Rolando Merino Reyes (3 April 1898 – 1957) was a Chilean lawyer, academic and politician. He served as Minister of the Interior from 6 to 13 June 1932 during the first Government Junta of the Socialist Republic of Chile, and subsequently as a member of the second Socialist Government Junta between 13 and 16 June 1932.

He was dean of the Faculty of Legal and Social Sciences at the University of Concepción from 1943 to 1956. Merino is remembered for the phrase: «The University is always open to the four cardinal points of culture and spirit, and closed only to those who refuse to fulfill their duties or advocate obstinate dogmatism».

==Biography==
Merino was a professor of law at the Liceo de Concepción and later taught Introduction to the Study of Law at the School of Legal and Social Sciences of the University of Concepción. He served as Dean of the Faculty of Legal and Social Sciences from 1943 to 1956.

He also acted as legal instructor for Carabineros de Chile, was a member and councillor of the Chilean Bar Association, and served as honorary president of several sports and civic institutions.

Merino was born in Quillón, Chile, the son of Juan de Dios Merino and Delfina Reyes.
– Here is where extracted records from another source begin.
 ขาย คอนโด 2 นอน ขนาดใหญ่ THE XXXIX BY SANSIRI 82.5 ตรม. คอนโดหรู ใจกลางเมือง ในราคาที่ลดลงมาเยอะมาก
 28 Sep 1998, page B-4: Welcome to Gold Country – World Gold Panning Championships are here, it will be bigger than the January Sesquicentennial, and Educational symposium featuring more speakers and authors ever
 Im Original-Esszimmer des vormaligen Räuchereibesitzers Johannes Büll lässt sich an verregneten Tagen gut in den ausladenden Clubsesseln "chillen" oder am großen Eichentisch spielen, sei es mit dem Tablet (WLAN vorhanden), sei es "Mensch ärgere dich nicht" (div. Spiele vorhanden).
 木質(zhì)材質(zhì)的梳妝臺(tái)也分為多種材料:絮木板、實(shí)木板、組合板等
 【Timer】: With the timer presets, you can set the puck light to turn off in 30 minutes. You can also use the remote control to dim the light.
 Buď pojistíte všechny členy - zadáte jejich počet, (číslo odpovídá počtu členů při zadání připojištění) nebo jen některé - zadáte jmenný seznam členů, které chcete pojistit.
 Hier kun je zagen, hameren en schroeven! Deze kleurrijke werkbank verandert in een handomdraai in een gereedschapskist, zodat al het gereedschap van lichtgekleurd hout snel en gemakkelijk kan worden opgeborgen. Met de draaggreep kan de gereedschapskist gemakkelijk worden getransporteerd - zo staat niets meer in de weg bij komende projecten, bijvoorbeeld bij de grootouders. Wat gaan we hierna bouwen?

He studied at the Liceo de Concepción and later pursued legal studies in Concepción. He served as president of the Law Center of the Student Federation of the University of Concepción.
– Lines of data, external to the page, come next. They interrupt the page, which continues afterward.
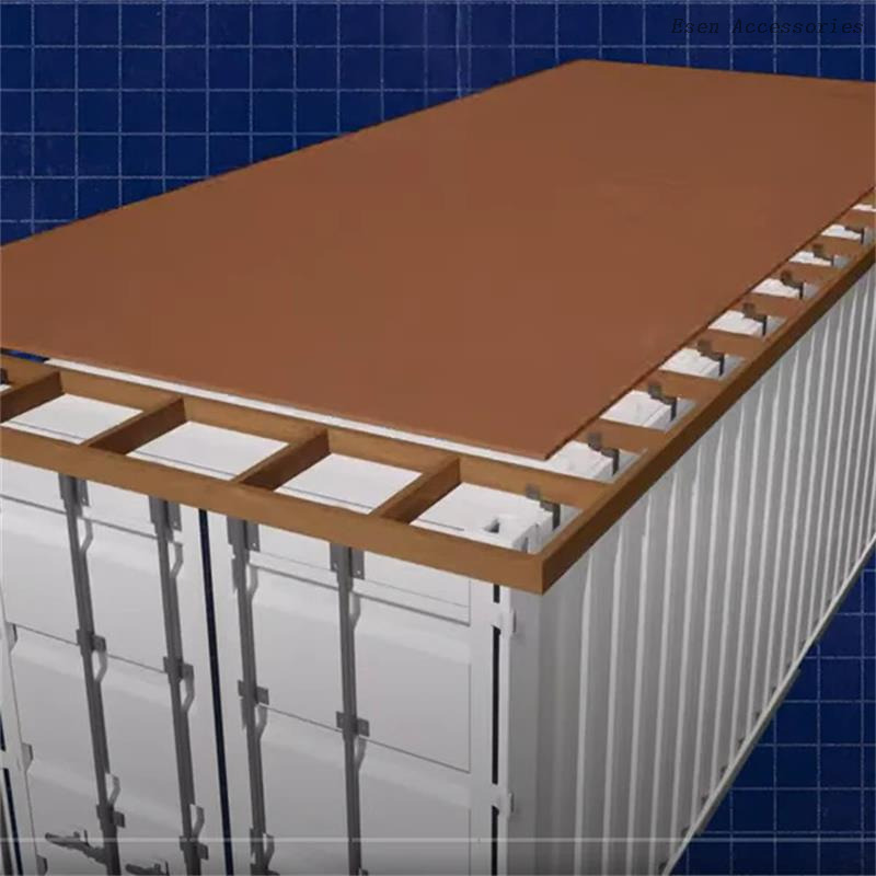 Los soportes para techo de contenedores de envío están diseñados específicamente para construir una estructura de techo de madera liviana encima de un contenedor estándar. Estos soportes brindan una base plana y segura para sujetar vigas de madera, lo que facilita la construcción de un marco de techo plano o inclinado para aislamiento, impermeabilización o creación de espacio adicional.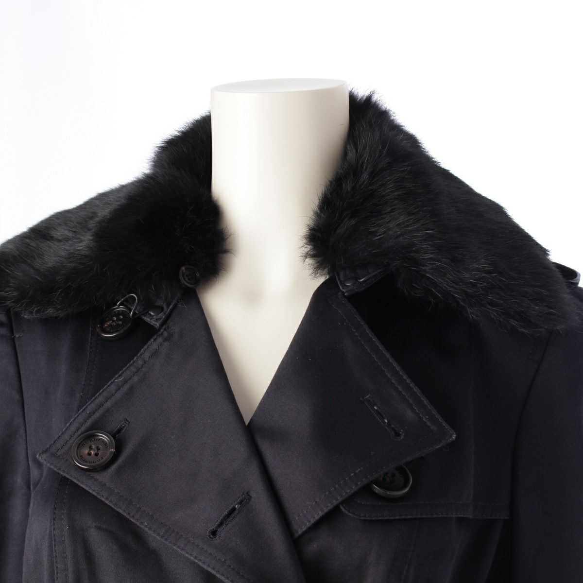 バーバリー ラビットファー ベルト トレンチコート アウター ブラック 38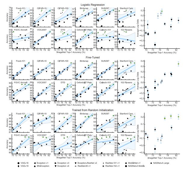 图 2: 在 ImageNet 上取得的准确率对于迁移到其它数据集上的经过了调优的模型有很大的预测作用。每组图片都测量了使用固定的 ImageNet 特征(最上面的一组)、经过调优的网络(中间的一组)、以及随机初始化的网络(最下方的一组)在 ImageNet 上的准确率和迁移任务的准确率之间的相关性。左图:不同的训练环境下,在迁移数据集上的分类准确率(y 轴)和最佳的 ImageNet 模型的准确率(x 轴)之间的关系。右图:相对于数据集上所有分类器的平均值,在数据集上正确分类的平均对数几率。误差条表示标准差。与最佳模型没有显出差异(p>0.05)的模型对应的点为绿色。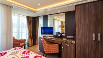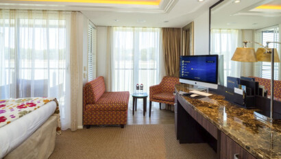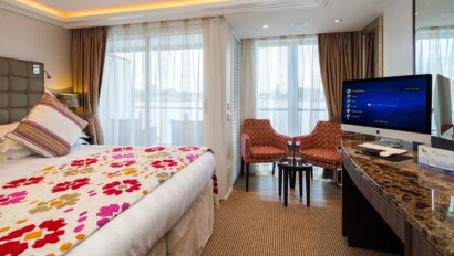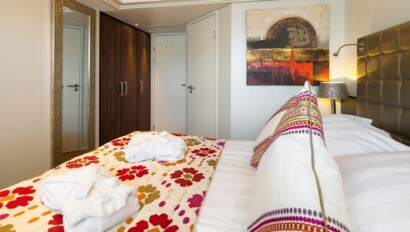 Making her debut sail in 2020, the elegant AmaSiena is one of AmaWaterways' newest river vessels, offering modern amenities including spacious “twin balconies” in the cabins. Similar to the AmaLucia, the staterooms include in-room temperature control, large wardrobes, and en-suite bathrooms with multi-jet showers. A fitness room, sun deck walking track, and swimming pool with “swim-up” bar give guests the opportunity to stay active while taking in the views, and bicycles are also available for a group or solo outing. With a maximum of just 156 passengers, there is plenty of space to unwind in the lounge where tapas and beverages are served throughout the day, and for a little extra pampering you can book a massage at the spa or join a class with the onboard Wellness Host.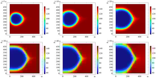 In addition, as geothermal development progresses, the low−temperature area near the injection well gradually expands. After 40 years of thermal development, the temperature difference in the vicinity of the injection and production wells gradually decreases. The variability of fluid flow also decreases, at which point the heat storage pressure begins to be effectively restored. As can be seen from Figure 7, the cold front near the injection well between 0 and 5 years uniformly expands, while the cold front is no longer uniform between 5 and 50 years. The cold front tip appears, which is connected to the open hole part of the production well. It can be seen from Figure 7 that between 0 and 5 years, the low−temperature region is small, and there is no cold front tip. The heat transfer temperature of the cryogenic fluid flows out of the low−temperature region and quickly rises to the heat storage temperature through the pores. It is considered that there is no thermal breakthrough at this stage. The high−pressure gradient near the production open hole causes a large amount of cryogenic fluid to collect and flow to the production open hole, such that the heat in the area near the open hole is extracted first, causing the cold front tip to appear [].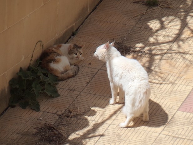 A handsome but completely feral gentleman called Kbir was a new face. He was a big, strong and well-built cat who must have been either an excellent hunter, or fed by someone else in the neighbourhood. It’s possible he was Greyfur’s father as their markings were similar, and The Cat seemed very tolerant of him.
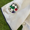 Questo cimelio fa parte della fornitura gara messa a disposizione degli atleti in occasione delle competizioni ufficiali e differisce nelle sue caratteristiche peculiari dai prodotti messi in commercio dallo sponsor tecnico, potrebbe essere stato indossato in partita e lavato dopo il termine della gara oppure preparato per il match ma poi non utilizzato.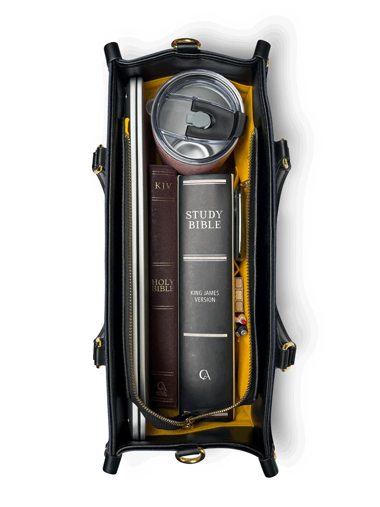 With a secure zipper closure and comfortable handles, it’s perfect for church, Bible study, work, or everyday use, keeping essentials organized and protected.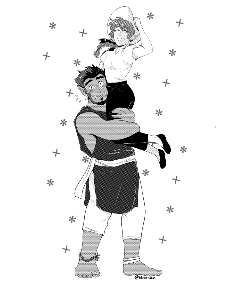 7. The one being carried is my old dnd character, Parsley! The other good boy is Arlo! Are they boyfriends? who's to say (I am but even I dont know)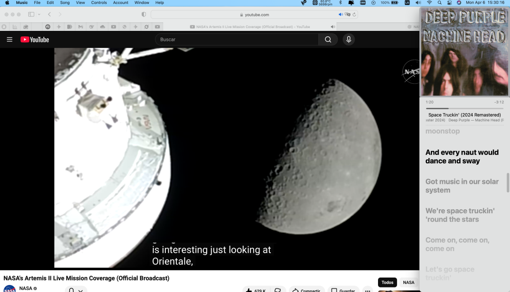 Por lo mientras seguiré la misión en tiempo real acompañado de la música psicodélica cavernaria de cuando estaban vigentes las misiones Apollo, acompañada de actualidad: «Got music in our solar system…«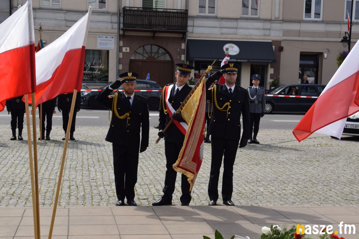 Tam też kombatanci, zaproszeni parlamentarzyści, przedstawiciele loklanych samorządów, szkół, organizacji i instytucji złożyli pod pomnikiem kwiaty, a poczty sztandarowe oddały hołd ofiarom II wojny światowej.

His thesis was titled Commentary on Title IX, Book I of the Civil Code: On the Rights and Obligations Between Parents and Legitimate Children. He was admitted to the bar on 24 December 1923.

== Political career ==
He was a member of Nueva Acción Pública (NAP) and later of the Socialist Party of Chile.
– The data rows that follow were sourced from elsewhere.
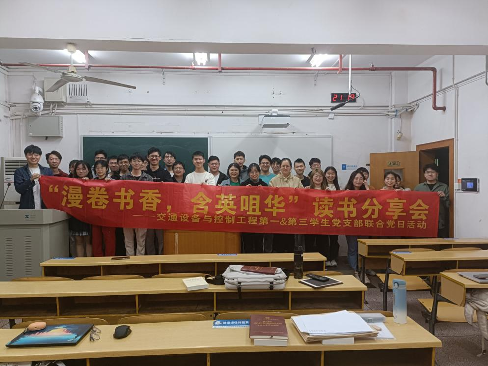4月26日晚19:00,为丰富党支部成员课余精神生活,促进党支部文化建设,电子竞技博彩 交通设备与控制工程第一学生党支部联合交通设备与控制工程第三学生党支部在世纪楼A302开展了主题为“漫卷书香,含英咀华”的读书分享会,由八个小组派出代表同学来分享本组的读书心得和从中感悟。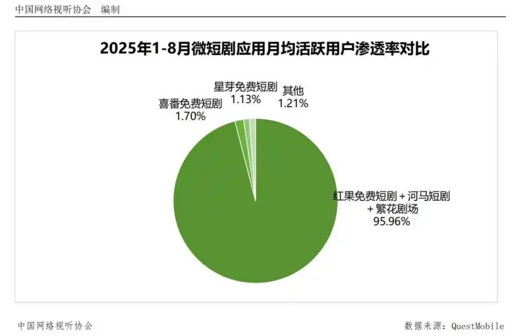 平台格局被红果彻底改写。作为免费短剧的领头羊,红果 2025 年三季度月用户使用总时长均值达 52.37 亿小时,是腾讯视频的两倍多,月活用户从第六冲到第四,和河马剧场、繁花剧场一起抢占超 95% 的用户渗透率。这让长视频平台坐不住了:爱奇艺吐槽红果协议 “排他”,腾讯感慨短剧冲击长内容,优酷直接成立微短剧中心,阿里、百度也纷纷下场布局,赛道竞争白热化。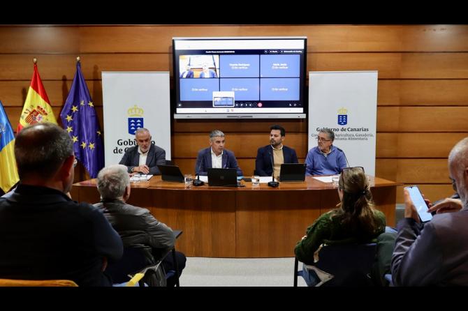 El consejero de Agricultura, Ganadería, Pesca y Soberanía del Gobierno de Canarias, Narvay Quintero, presidió hoy martes, 27 de enero, la reunión de seguimiento de las actuaciones para la erradicación de la filoxera en la que se presentaron los nuevos protocolos para impedir la propagación del pulgón, especialmente adaptados al próximo periodo de poda, y se repasaron las acciones desarrolladas desde su detección, en julio de 2025, hasta la actualidad.

Merino held various administrative and legal positions, including secretary of the Housing Court, legal adviser to the Concepción Charity Board, member of the Agricultural Society of the South, prosecutor of the Colonization Fund, and director of the Saltpeter and Iodine Sales Corporation. He also engaged in agricultural activities at the "El Peral" estate in Concepción.

He served as Intendant of Concepción from 1931 to 1932 and again from 1951 to 1952.

Following his brief tenure as Minister of the Interior and member of the Socialist Government Junta in June 1932, he was elected Deputy for the 17th Departmental Grouping ("Tomé, Concepción and Yumbel") for the 1933–1937 term, serving on the Permanent Commission on Foreign Affairs and Commerce. He was re-elected for the 1937–1941 term for the reformed grouping ("Tomé, Concepción, Talcahuano, Yumbel and Coronel"), joining the Permanent Commission on Finance. He resigned on 29 November 1939 to accept a ministerial appointment and was replaced by Carlos Rosales Gutiérrez.

President Pedro Aguirre Cerda appointed him Minister of Lands and Colonization, a position he held from 28 September 1939 to 2 April 1942. During this period, he also served concurrently as acting Minister of Health, Welfare and Social Assistance (10 October – 14 December 1941) and as interim Minister of Development (16 December 1941 – 2 April 1942).